China is capable of ensuring stable supplies and prices of key commodities during the coming New Year and Spring Festival holidays, the country's top economic regulator said on Thursday.
Meng Wei, a spokeswoman with the National Development and Reform Commission, said there will be sufficient supplies of commodities "essential for livelihood" during the holidays, and their prices will remain stable.
In the next step, the NDRC will make a big push to strengthen monitoring and early warning over prices, guide localities to stabilize production and enrich commodity reserves, Meng said at a news conference in Beijing.
China's overall price levels are within a reasonable range despite rising global inflationary pressure, as China's consumer price index rose 0.9 percent in the first 11 months, much lower than the figures of major economies, Meng said.
Referring to coal prices, Meng said various parties have been longing to see a pricing mechanism to stabilize coal prices. And the NDRC will continue to work on the mechanism and take timely measures to keep coal prices within a reasonable range.
Li Xuesong, director of the Institute of Quantitative and Technological Economics, which is part of the Chinese Academy of Social Sciences, expects China's overall prices will rise moderately in 2022.
Citing a newly released blue book by the CASS, he said the PPI and CPI are set to increase 5 percent and 2.5 percent, respectively, in China in 2022.

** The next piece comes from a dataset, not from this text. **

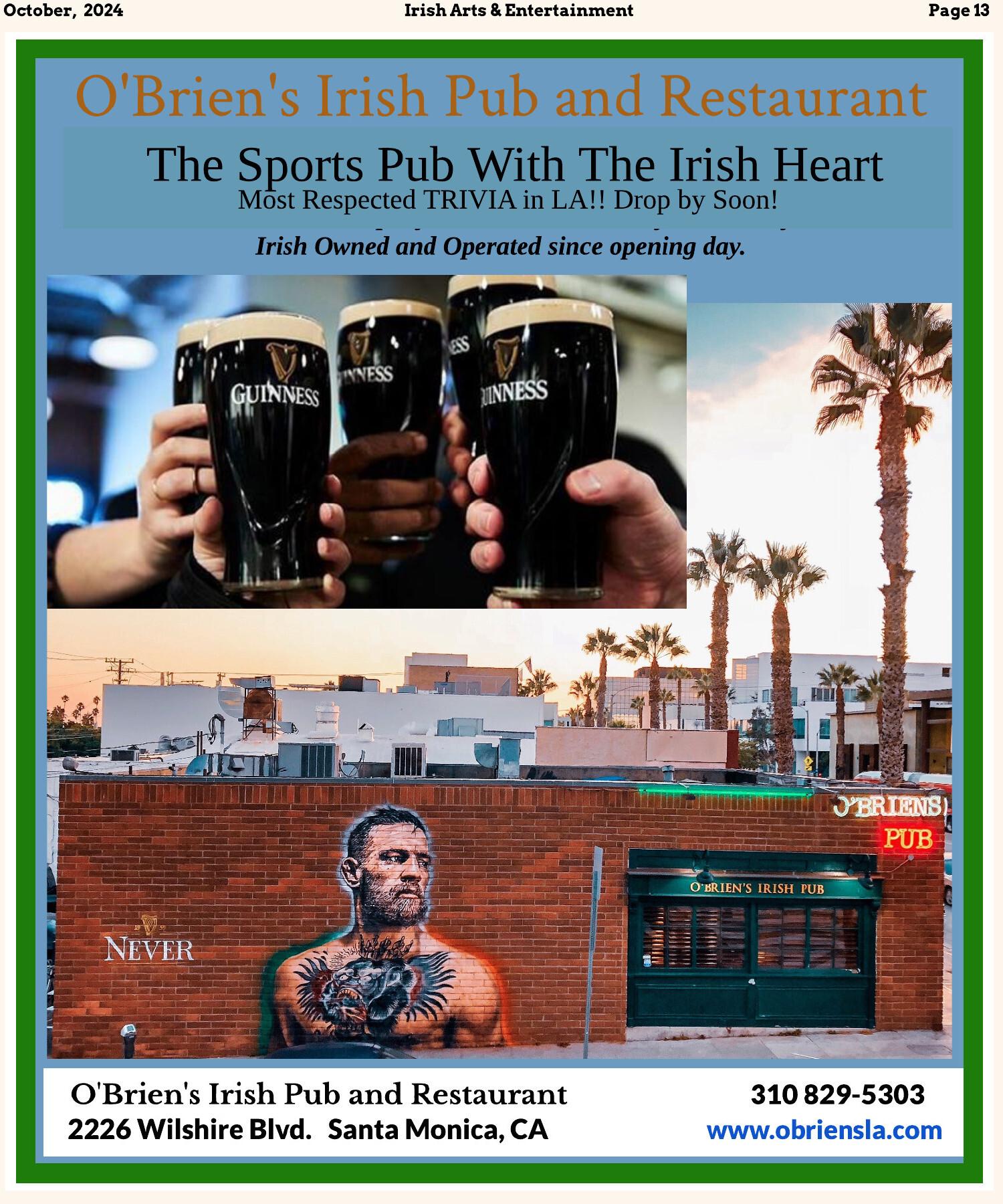 Irish Pub 2226 Wilshire Sant a Monica, CA w w w.obriensla.com

Louis Kuijs, head of Asia Economics of Oxford Economics, a think tank, said he expects global and domestic supply constraints, as well as global commodity prices, to ease in the future.
"As a result, we expect China's producer price inflation to fall sharply in 2022. Pass-through to consumer prices remains low amid strong competition and subdued consumption. Thus, we don't expect CPI inflation will exceed the central bank's target and should not affect monetary policy in a major way," Kuijs said.
During the news conference, Meng from the NDRC also said China will speed up the implementation of projects funded by local government special-purpose bonds to boost investment.
As a larger proportion of this year's local government special bonds were issued in the second half, a considerable part of those special bonds will be used in the first quarter next year, Meng said.
"In this setting, the use of those local government bonds and the issuance of special bonds in 2022 will provide strong support for expanding effective investment next year," Meng added.
The NDRC will urge localities to complete all preparatory work for projects that have not been started yet and strengthen coordination and promotion of projects under construction, the spokeswoman said.
To better deal with pressure related to supply, demand and expectations, Tang Jianwei, chief researcher at Bank of Communications financial research center, said a proactive fiscal policy should have a greater effect on stabilizing growth and expanding demand, including increasing investment in "new infrastructure" and taking more steps for tax and fee reductions.
Citing the tasks mapped out by the Central Economic Work Conference held last week, Luo Zhiheng, deputy director and chief macroeconomic analyst of Yuekai Securities research institute, said stabilizing investment will be a key focus of economic work in the future, which will help hedge against downside risks.